How It Works
Semantic search converts each entity in the knowledge graph into a 384-dimensional numeric vector and stores it in a sqlite-vec virtual table. When you call search_semantic, the engine encodes your query into the same vector space, finds the k nearest neighbors (KNN), and returns the most relevant entities.
The full pipeline — from raw text to ranked results — looks like this:
graph TD
Input["Entity text or Query"] --> Prefix["No prefix needed<br/>(MiniLM unified encoding)"]
Prefix --> Tok["Tokenization<br/>HuggingFace fast tokenizer<br/>trunc=512, pad=512"]
Tok --> ONNX["ONNX Forward Pass<br/>CPUExecutionProvider<br/>→ (batch, seq_len, 384)"]

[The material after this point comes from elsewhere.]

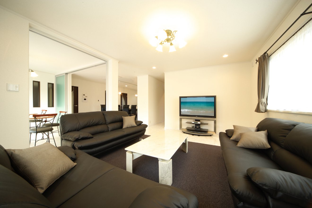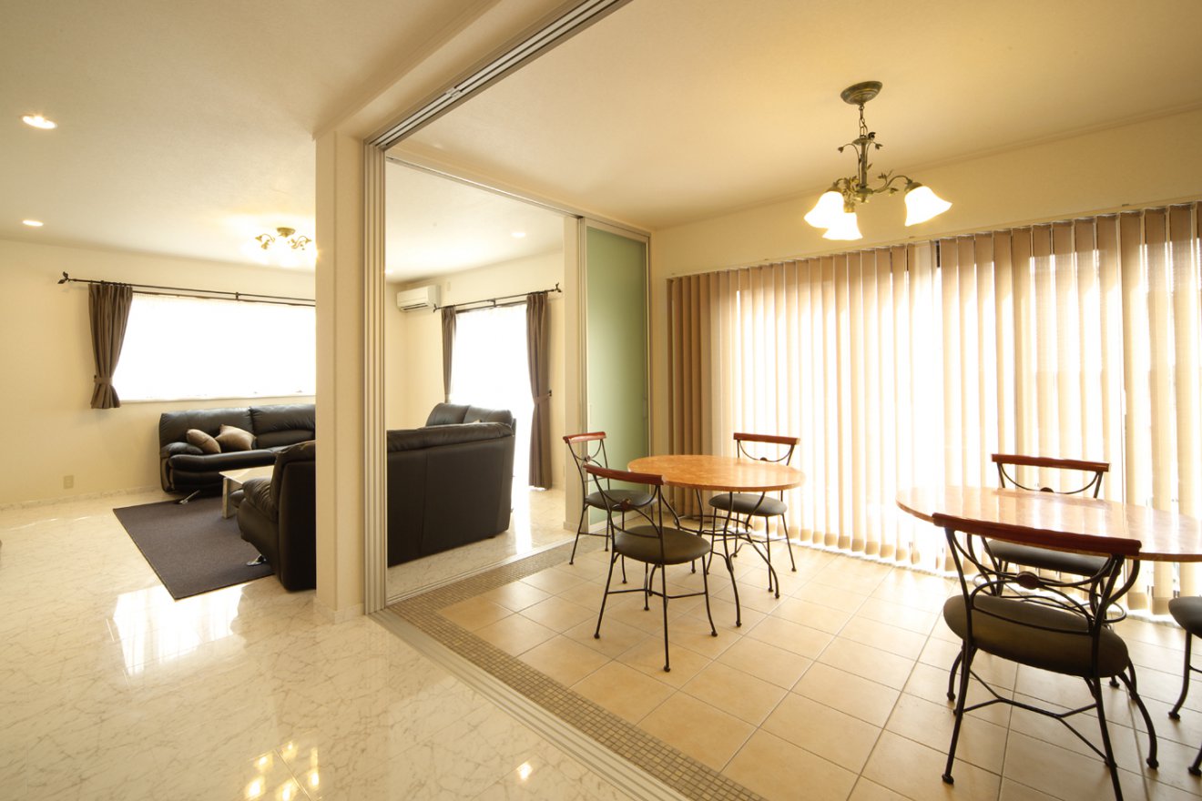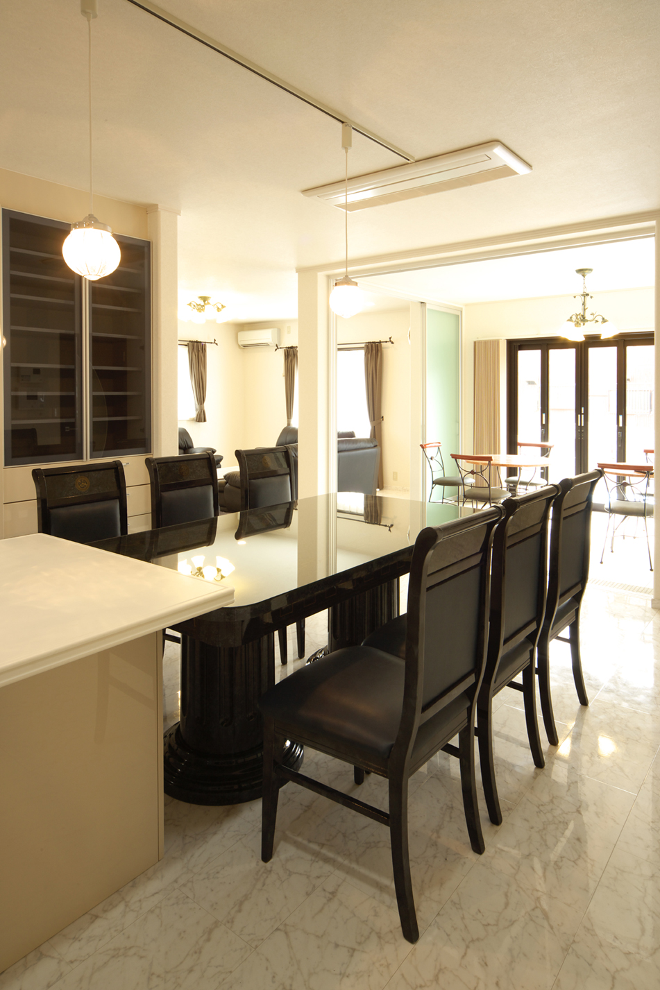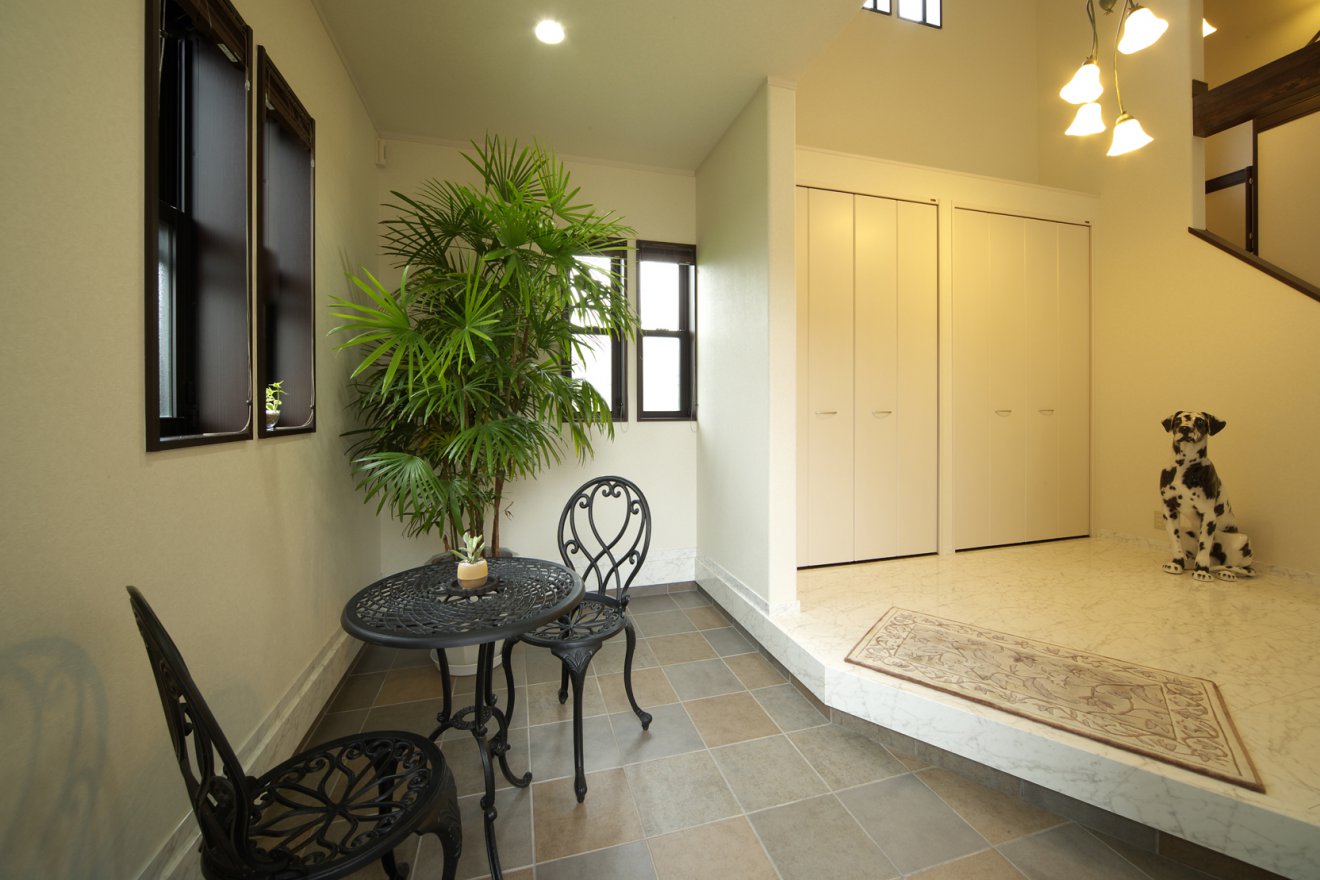 ホワイト系の石目調床材で、明るく高級感ある玄関ホールとLDK。家具もモノトーンで統一し、シックで落ち着いた印象にまとめました。

ONNX --> Pool["Mean Pooling<br/>Mask [PAD] via attention_mask<br/>→ (batch, 384)"]
Pool --> Norm["L2 Normalization<br/>||v|| = 1<br/>→ float32[384]"]

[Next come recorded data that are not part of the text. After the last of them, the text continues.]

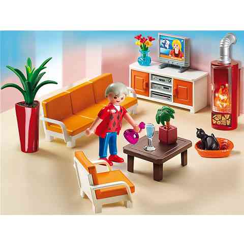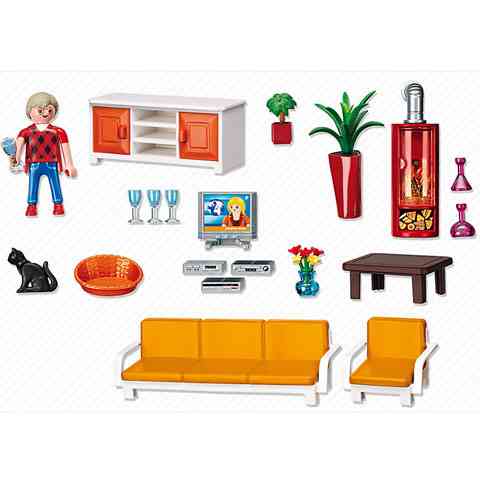 - a készlet tartalmaz 1 Playmobil figurát, és egy teljesen felszerelt nappalit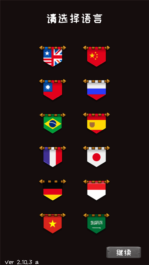 1、游戏下好打开就这界面,语言这块自己看着办,选个中文就完事了,然后点“继续”。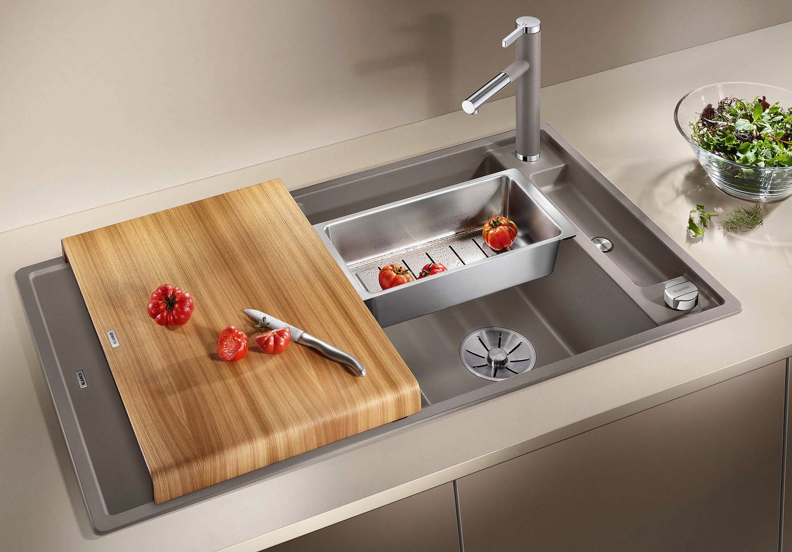 Becken-Tiefe 19 cm, Esche-Compound-Brückenschneidbrett, Ablaufgarnitur mit Raumsparrohr, 3 1/2“ InFino-Korbventil, Ablauffernbedienung (Drehbetätigung)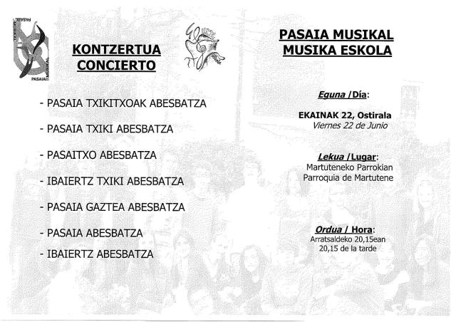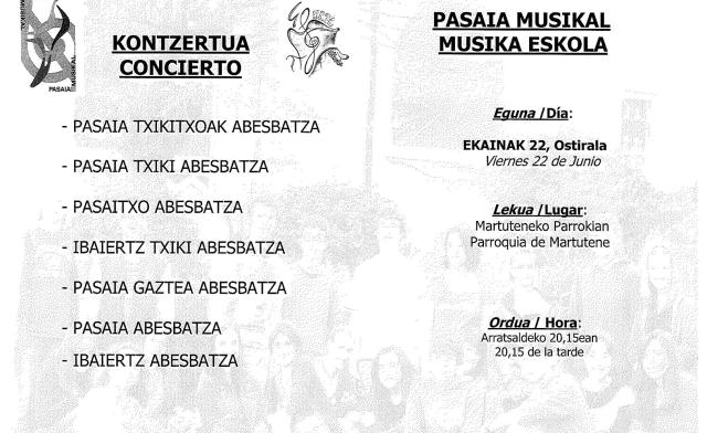 Archivado en Aisialdia/Ocio, Auzobizitza/Vida de barrio, Coro Ibaiertz abesbatza, Ekintzak/Actividades, Eragile sozialak/Agentes Sociales, Iragarkiak/Anuncios, Kultura/Cultura, Musika/Música, Partaidetza/Participación · Tagged with abesbatza, CONCIERTO, coro, escuela música, Ibaiertz, ibaiertz txiki, kontzertua, martutene, musika eskola, parrokia, parroquia, pasaia, pasaia gaztea, pasaia musikal, pasaia txiki, pasaia txikikoak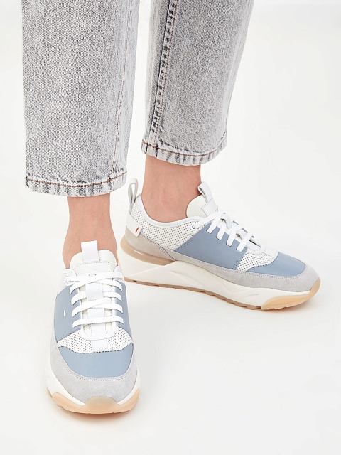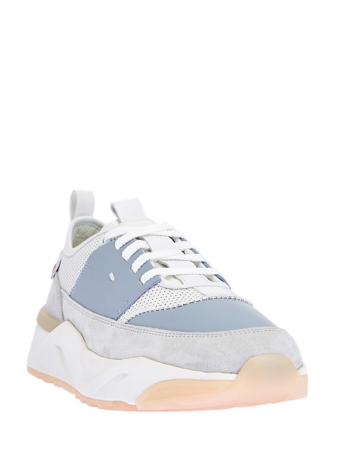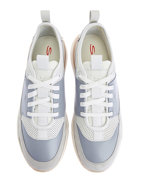 Лаконичные кроссовки от Santoni выполнены в базовой серо-голубой гамме. Для создания модели была выбрана натуральная мелкозернистая кожа и фактурная замшевая отделка. Динамичные линии кроя подчеркнуты контрастным вставками, а петли на спинке вносят в образ нотку ретро-стиля. Детали: массивная литая подошва, мягкие манжеты для комфортной посадки, стелька из натуральной кожи. Сделано в Италии.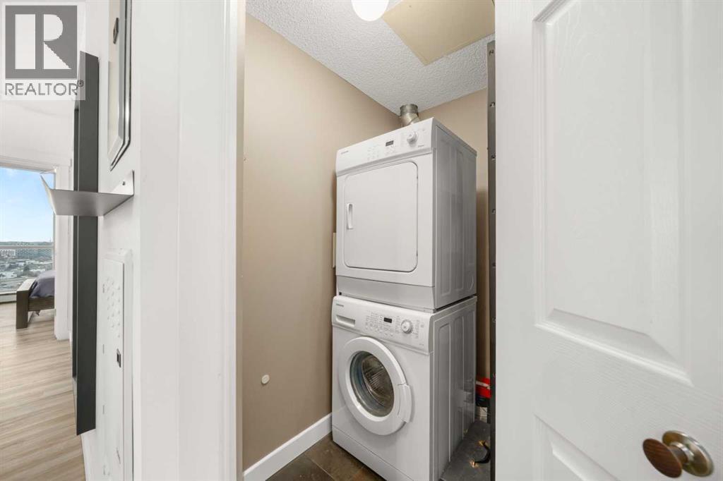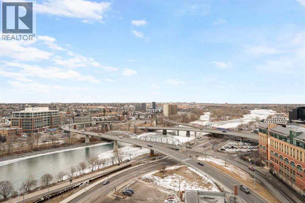 Elevate Your Urban Lifestyle: Stunning NE Corner Condo in East Village with Bow River Views!Imagine waking up to breathtaking, unobstructed panoramas of the Bow River every morning – that's the reality in this sleek 1-bedroom + Den Northeast corner unit, perfectly tailored for ambitious young professionals craving the pulse of downtown Calgary. Floor-to-ceiling windows flood the space with natural light, framing those iconic river views while creating an airy, inspiring environment for your work-from-home setup or evening unwind.Step into a modern kitchen designed for effortless entertaining: ample cabinet space, luxurious granite countertops, and a stylish designer tile backsplash make meal prep a joy. The open layout flows seamlessly to a spacious balcony – your private outdoor retreat for morning coffees or sunset cocktails with friends. Convenience is key with in-suite laundry, a fully equipped fitness room to kickstart your day, and a tandem titled parking stall (ideal for renting out if you prefer biking or transit).Nestled in vibrant East Village, this is more than a home – it's a gateway to the best of urban living. Stroll to trendy restaurants, live music venues, the world-class Central Library, and the scenic Bow River pathways for your daily runs or weekend adventures. Just a 5-minute walk to the +15 skywalk system and public transit, you'll have seamless access to everything downtown offers, from bustling offices to cultural hotspots.Whether you're building your career or seeking a smart investment, this unit delivers exceptional value in one of Calgary's most sought-after neighborhoods. Don't miss out – schedule your viewing today and make this your downtown oasis! (id:6769)

Norm --> Store{Entity or Query?}
Store -->|Entity| Vec["Serialize to bytes<br/>384 x 4 = 1,536 bytes<br/>INSERT OR REPLACE into vec0"]
Store -->|Query| KNN["sqlite-vec KNN<br/>WHERE embedding MATCH ?<br/>ORDER BY distance"]

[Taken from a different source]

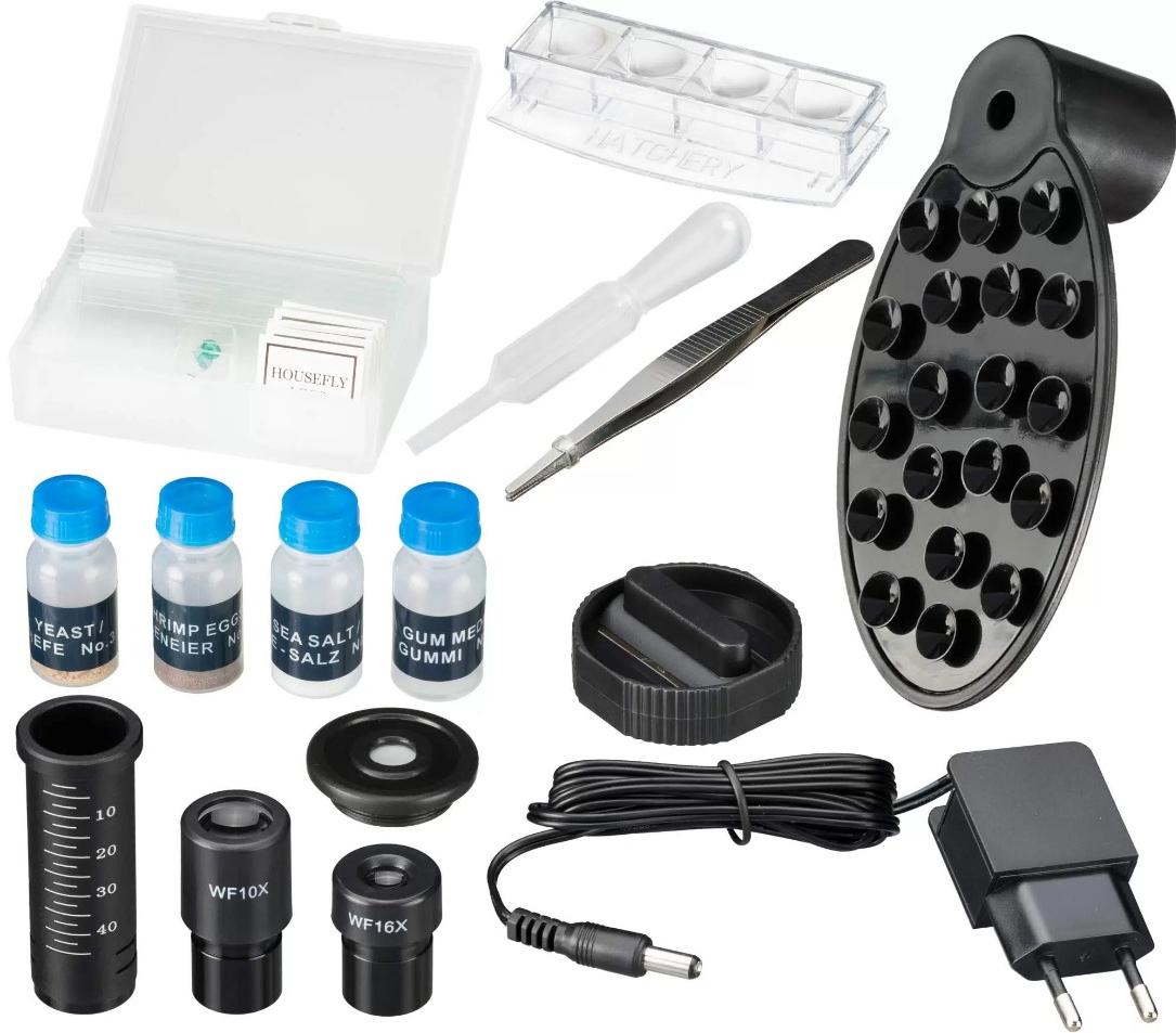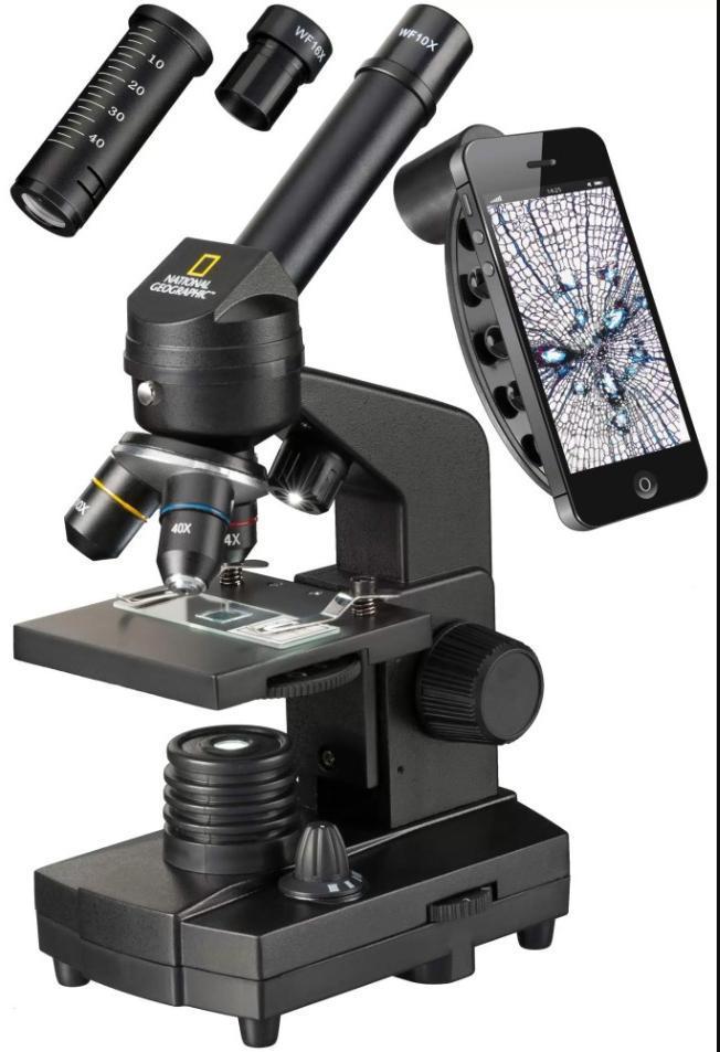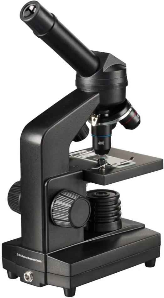 Биологический микроскоп Bresser National Geographic 40–1280x это оптический прибор для увлекательного обучения школьника или занятий микробиологией в качестве хобби. Позволяет изучать прозрачные и непрозрачные объекты, образцы малого и среднего размера, наблюдать за ростом артемии и открывать новые стороны микромира. В комплект входит три объектива, два окуляра и двукратная линза Барлоу. Максимальное увеличение микроскопа 640х, но с использованием линзы Барлоу вы сможете достичь 1280х. Фокусировка ручная, предметный столик можно перемещать по вертикали. Микроскоп снабжен двумя светодиодными подсветками. На основании размещено кольцо регулировки: первое положение – включается нижняя, второе – верхняя, третье – работают две одновременно. Для удобства освещение можно отключить и вести наблюдения при естественном свете. Регулировать световой поток также можно при помощи диска с диафрагмами и светофильтрами. У микроскопа прочный металлический корпус, подвижный предметный столик с двумя препаратодержателями. Оснащен монокулярной насадкой для наблюдения одним глазом с комфортным углом наклона тубуса под 45 градусов. Отличительной особенностью данного микроскопа является наличие адаптера для смартфона. С его помощью легко фотографировать и записывать видео на камеру вашего гаджета все наблюдения. Самый интересный эксперимент - выращивание артемии подробно описан в руководстве пользователя. Микроскоп Bresser National Geographic 40x-1280x прекрасно подойдет для начинающих исследователей биологии и будет полезным подарком.

KNN --> Results["[{entity_id, distance}]"]
Results --> Limbic["Limbic Re-rank<br/>salience · temporal · cooc"]
Limbic --> Output["Top-K results with scoring"]
For the complete fusion pipeline that combines KNN with full-text search, see Hybrid Search (FTS5 + RRF).
Embedding Model
The semantic engine uses sentence-transformers/paraphrase-multilingual-MiniLM-L12-v2 from HuggingFace (MiniLM family, optimized for sentence embeddings):
| Property | Value |
|---|---|
| Model ID | sentence-transformers/paraphrase-multilingual-MiniLM-L12-v2 |
| Dimensions | 384 (float32, ONNX FP32) |
| Languages | 94+ — Spanish, English, French, German, Chinese, Japanese, etc. |
| Runtime | CPU only (CPUExecutionProvider, no GPU required) |
| Size on disk | ~465 MB (model ONNX + tokenizer) |
| Distance metric | Cosine distance: d = 1 - cos(A, B), range [0, 2] |
| Type | Unified encoding — no task-specific prefixes required |
| Cache path | ~/.cache/mcp-memory-v2/models/ |
Encoding Pipeline
The EmbeddingEngine.encode() method transforms raw text into L2-normalized vectors in five steps:
def encode(self, texts: list[str], task: str = "passage") -> np.ndarray:
"""Encode texts to embeddings.
MiniLM uses unified encoding — task parameter is optional/legacy.
"""
prefix = self.QUERY_PREFIX if task == "query" else self.PASSAGE_PREFIX
prefixed = [f"{prefix}{t}" for t in texts]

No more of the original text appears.